• [Your objective]: Print again, word for word, all of the records below, and leave the pictures out.

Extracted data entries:
######
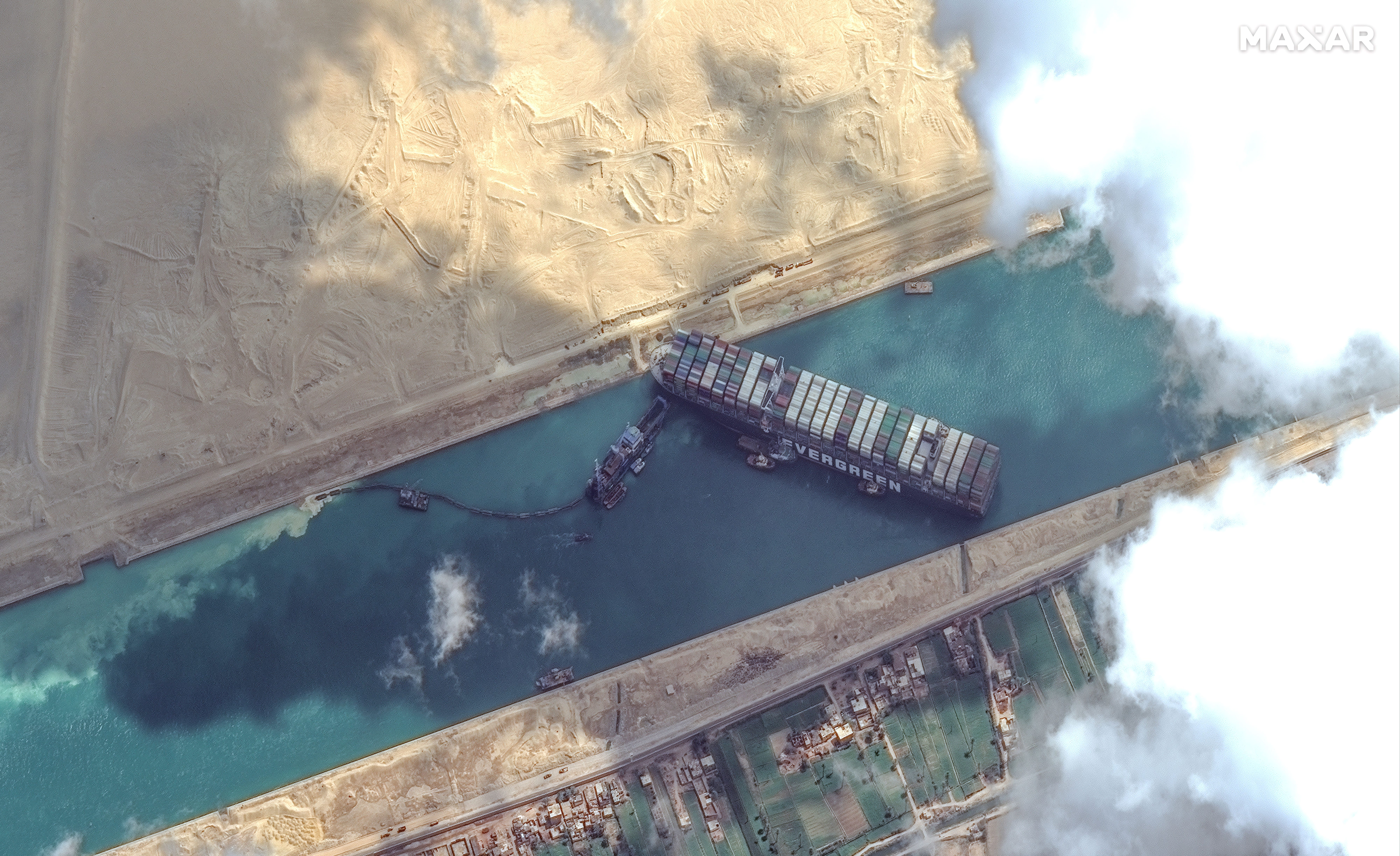 A team from Boskalis, a Dutch firm specializing in salvaging, was working with the canal authority with tugboats and a specialized suction dredger at the port side of the cargo ship’s bow. Egyptian authorities have prohibited media access to the site.
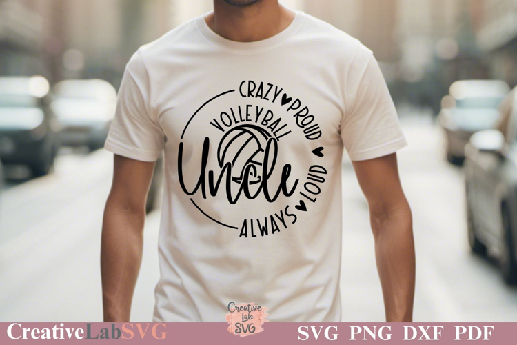 Crazy Proud Always Loud Volleyball Uncle SVG and DXF are ideal for cutting machines like the Cricut and Silhouette. It's perfect for making volleyball uncle shirts and sweatshirts. It also comes in PNG files, perfect for HTV, vinyl, or sublimation.
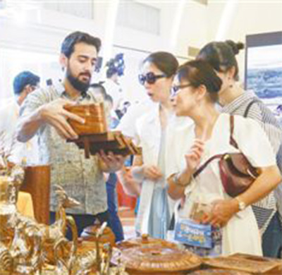 En la exposición "Un Cinturón, Una Ruta" de 2018, un comerciante extranjero muestra productos especiales a los consumidores chinos.(Imagen de Renmin Shijue)
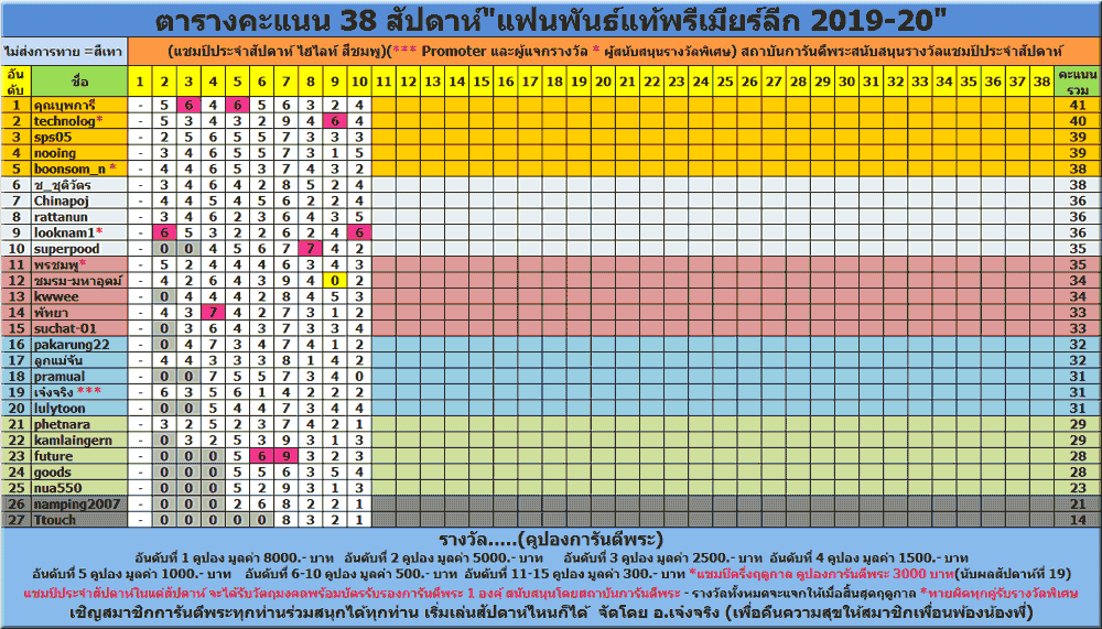 แล้วนำคะแนนพิเศษนี้ไปรวมกับการทายผลปกติ....ในแต่ละสัปดาห์
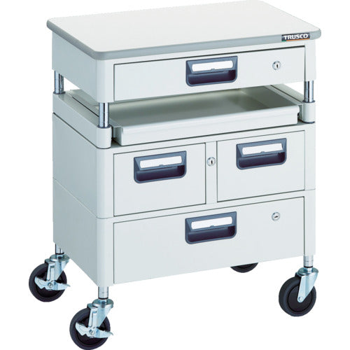TRUSCO ツールワゴン フェニックスワゴン 省音 600X400 H740 引出付 スライド1段 天板付 ホワイト
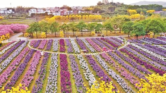 广州南沙的百万葵园是省内著名的花海景区、踏春赏花地,无论是悠然花田间的马术运动,还是在花田里自在穿梭火车,都让花海显得更加烂漫。而位于佛山高明的盈香生态园,盈香花海里的黄花风铃木、一串蓝、天竺葵、海棠花、金鱼草等也迎来了最佳的观赏时期,成为不可错过的绝佳花景打卡地。
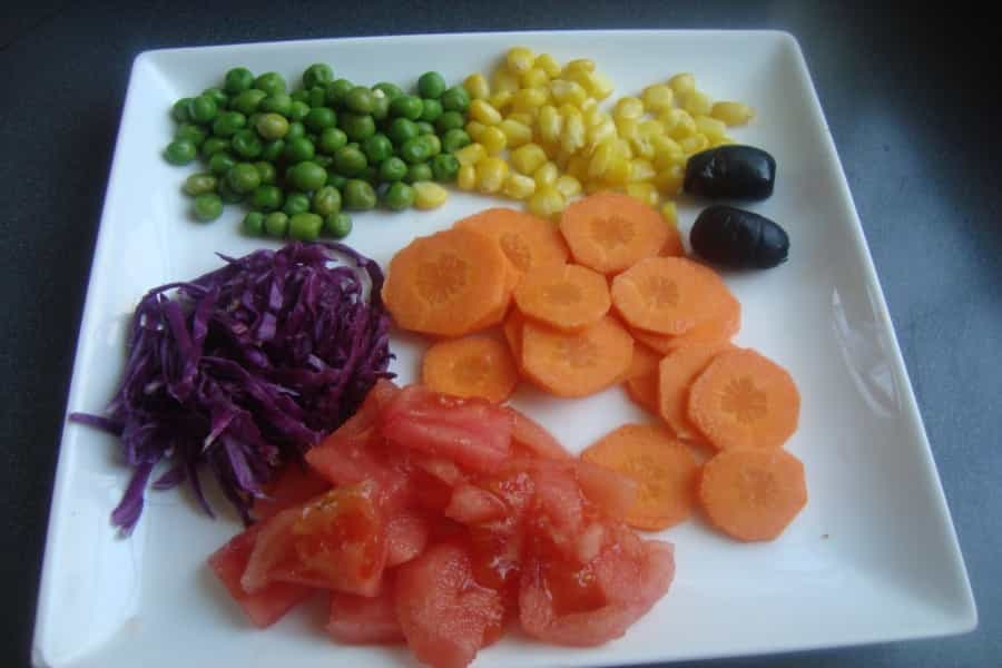 -1 taza de arroz -100 gramos de choclo en grano congelado -100 gramos de arvejas congeladas -2 zanahorias -2 tomates -3 hojas de repollo morado -4 aceitunas -Sal - Aceite Preparación Preparara el arroz: en un sartén con aceite de caliente saltear el arroz por 2 minutos, agregar 1 ½ taza de agua caliente, sazonar a gusto y revolver, cocinar tapado sobre el tostador por 15 minutos. Apagar y reservar. En una olla con agua caliente cocinar las arvejas y el choclo, por 15 minutos o hasta que estén blandos. Eliminar las durezas del repollo morado, picar en tiras, remojar en un pocillo con agua por 10 minutos. Escurrir las arvejas, los choclos y el repollo y reservar. Pelar la zanahoria y el tomate, cortar la zanahoria en rodajas, dividir las rodajas de tomate en 4 partes.
######
• [The answer]:
 A team from Boskalis, a Dutch firm specializing in salvaging, was working with the canal authority with tugboats and a specialized suction dredger at the port side of the cargo ship’s bow. Egyptian authorities have prohibited media access to the site.
 Crazy Proud Always Loud Volleyball Uncle SVG and DXF are ideal for cutting machines like the Cricut and Silhouette. It's perfect for making volleyball uncle shirts and sweatshirts. It also comes in PNG files, perfect for HTV, vinyl, or sublimation.
 En la exposición "Un Cinturón, Una Ruta" de 2018, un comerciante extranjero muestra productos especiales a los consumidores chinos.(Imagen de Renmin Shijue)
 แล้วนำคะแนนพิเศษนี้ไปรวมกับการทายผลปกติ....ในแต่ละสัปดาห์
TRUSCO ツールワゴン フェニックスワゴン 省音 600X400 H740 引出付 スライド1段 天板付 ホワイト
 广州南沙的百万葵园是省内著名的花海景区、踏春赏花地,无论是悠然花田间的马术运动,还是在花田里自在穿梭火车,都让花海显得更加烂漫。而位于佛山高明的盈香生态园,盈香花海里的黄花风铃木、一串蓝、天竺葵、海棠花、金鱼草等也迎来了最佳的观赏时期,成为不可错过的绝佳花景打卡地。
 -1 taza de arroz -100 gramos de choclo en grano congelado -100 gramos de arvejas congeladas -2 zanahorias -2 tomates -3 hojas de repollo morado -4 aceitunas -Sal - Aceite Preparación Preparara el arroz: en un sartén con aceite de caliente saltear el arroz por 2 minutos, agregar 1 ½ taza de agua caliente, sazonar a gusto y revolver, cocinar tapado sobre el tostador por 15 minutos. Apagar y reservar. En una olla con agua caliente cocinar las arvejas y el choclo, por 15 minutos o hasta que estén blandos. Eliminar las durezas del repollo morado, picar en tiras, remojar en un pocillo con agua por 10 minutos. Escurrir las arvejas, los choclos y el repollo y reservar. Pelar la zanahoria y el tomate, cortar la zanahoria en rodajas, dividir las rodajas de tomate en 4 partes.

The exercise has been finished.